Граф-герцог подошел.
— Завтра я буду говорить с тобой о том, что может пожелать эта милая крошка. И желай много, слышишь, Мария? Что бы ни делали голландцы, у меня в ящиках есть еще золото для любимой женщины.
— Я буду обращаться с вами, ваше величество, по достоинству, — ответила Кальдероне, — как с королем.
— Да, да! — насмешливо сказал король. — Я также знаю, что ты способна раздражать меня как короля!
«Это опять Морето сказал ему, — снова подумала Кальдероне. — Морето сказал ему, что я жадна и честолюбива».

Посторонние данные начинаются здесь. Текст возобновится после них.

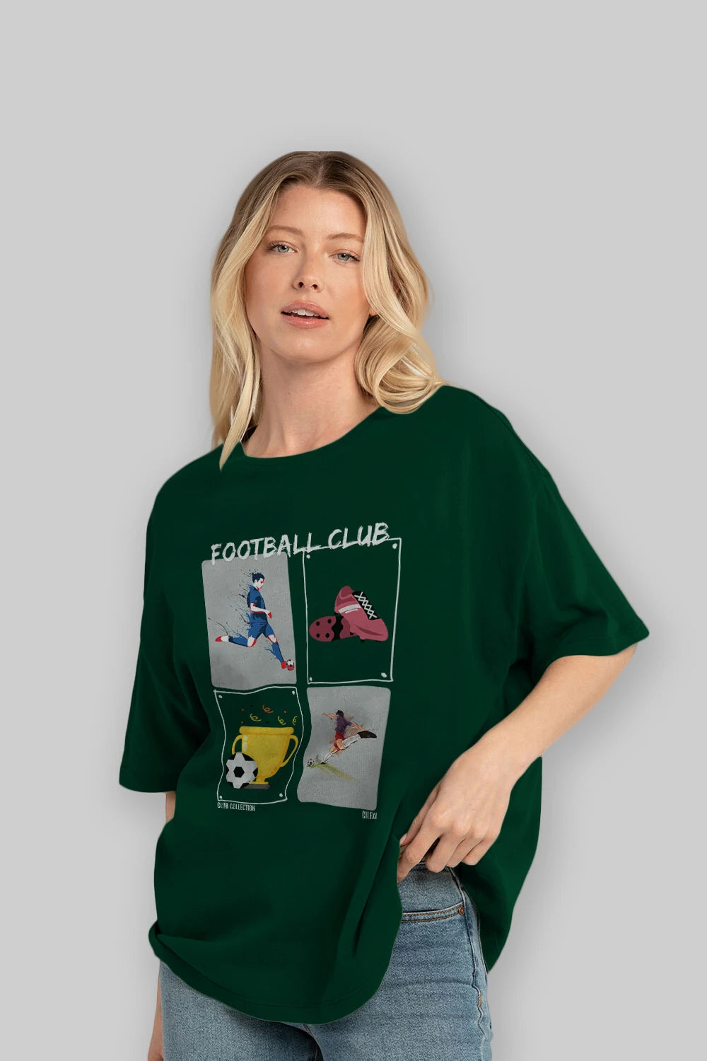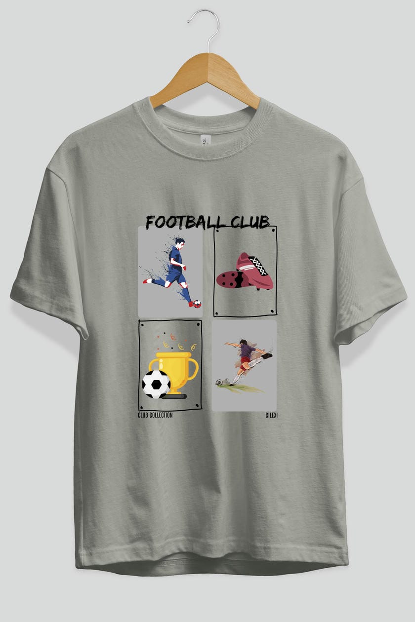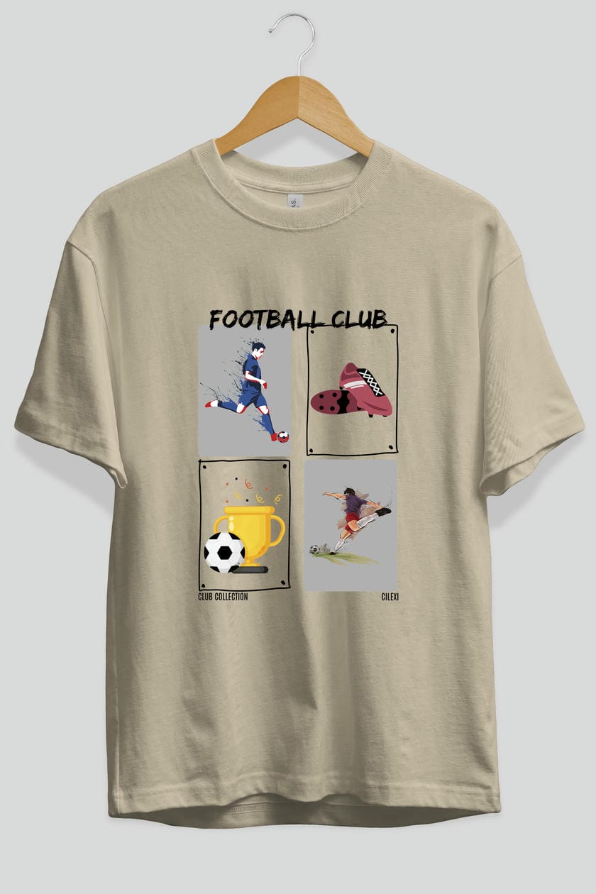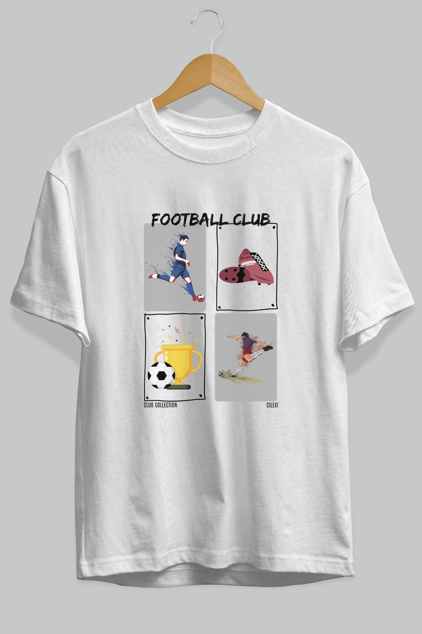 Football Club ön Baskılı Oversize t-shirt Erkek Kadın %100 Pamuk Bisiklet Yaka tişort

— А теперь, — продолжал Филипп, — мы оставим тебя отдохнуть после ужина. Ведь ты уже ужинала, как мне кажется?
Он, улыбаясь, взглянул на стол.
— Я получаю только двадцать дублонов в месяц, государь! — сказала Кальдероне, которая прочитала эту улыбку.
— Потому-то ты мне и нравишься! — быстро возразил Филипп. — Если б ты получала тысячу, ты не была бы тем, что ты теперь, — таким лакомым кусочком. До свидания, моя жемчужина!.. До скорого!

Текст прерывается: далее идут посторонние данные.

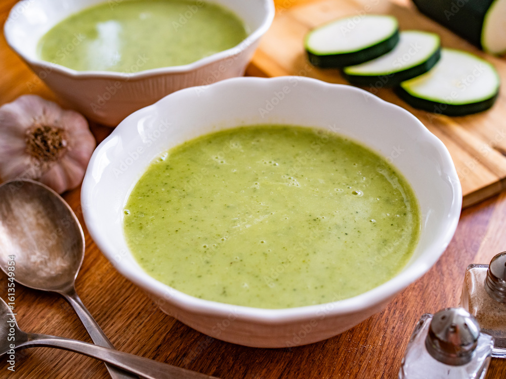 Cream of zucchini soup on wooden table

Через несколько секунд, уверенная, что царственный посетитель и его спутник уже далеко, Кальдероне отправилась в залу к герцогу.

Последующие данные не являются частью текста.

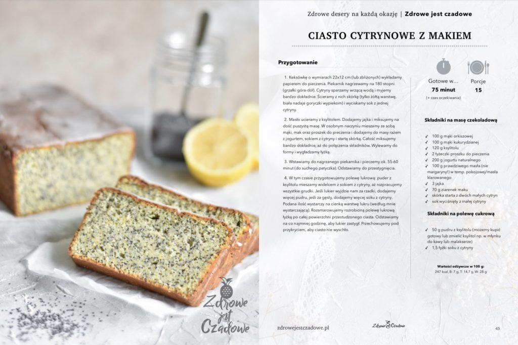 Jest on również idealny dla osób na diecie oraz osób odchudzających się. Przepisy mają znacznie mniej kalorii niż klasyczne słodycze i desery, zawierają nawet 3/4 mniej tłuszczu i zero cukru. W każdym przepisie znajdują się także wartości odżywcze w 100 g deseru. 🙂

Он все слышал из своего убежища.
— Ах! — вздохнул он, снова увидя молодую актрису. — Это досадно!
— На что вы досадуете, сеньор? — спросила она самым наивным тоном.
— На то, что вы нравитесь королю. Мне вы столько же нравитесь. Но, чего бы мне ни стоило, на этот раз я склонюсь перед его могуществом!
Она с изумлением посмотрела на него.
— На этот раз? — повторила она. — Разве вы не всегда склонялись перед ним?
— Милое дитя, в том положении, в каком мы находимся, я не могу иметь от вас секретов. Недавно я совершил проступок, полюбив одну с королем женщину… И он меня застал на месте преступления.
— А! Что же сказал его величество?
— Ничего. Или почти ничего.
— Значит, его величество уже не любит эту даму.
— Очень возможно. Но вот что дурно: чтоб доказать королю, что я чувствую его великодушие, я немедленно разошелся с нашей любовницей… и ищу новую, за которую он не мог бы упрекнуть меня, что я ее у него похищаю. И надобно же было, чтоб та, которую я нашел, самая прелестная девушка в Испании, — вы! — была та же самая, с которой и его величество хочет забыть неверную. Не правда ли, ведь я имею право роптать на судьбу!
Кальдероне кивнула головой.
— Справедливо, — ответила она. — Я понимаю вашу печаль. Ибо, как вы сказали сейчас, на этот раз вы должны преклониться перед всемогуществом. Если король меня любит, — а если не любит, то полюбит, — он не простит вам, что вы тоже полюбили меня. Прощайте же, сеньор. Благоразумие — хороший советчик. Мы никогда не виделись и никогда не увидимся снова! О, не беспокойтесь! В первый же раз, как я вас встречу, я и виду не покажу, что знаю вас. Я вас не скомпрометирую.
Говоря таким образом, Кальдероне устремила на герцога шаловливый взгляд. Нужно было быть слепым и не иметь от роду двадцати трех лет, как Медина, чтобы противиться этому зову. Он наклонился к ней и голосом, задрожавшим от страсти, проговорил:
— А если, несмотря на все… я скажу тебе, что все-таки люблю, что из этого выйдет?
Она пожала плечами.
— Очень обыкновенное, — ответила она. — Король явился вторым, он вторым и останется!
— Милая Мария!..
Но, оттолкнув его, она сказала:
— Нет! Будем благоразумны. Завтра я жду герцога Оливареса, завтра вечером, мой друг, вы получите обо мне известие.
— Ты клянешься мне?
— Клянусь! Если я прелестна — вы красивы! Если вы меня любите — я люблю вас. Сначала любовь… потом всемогущество… Это в порядке вещей. Прощайте!..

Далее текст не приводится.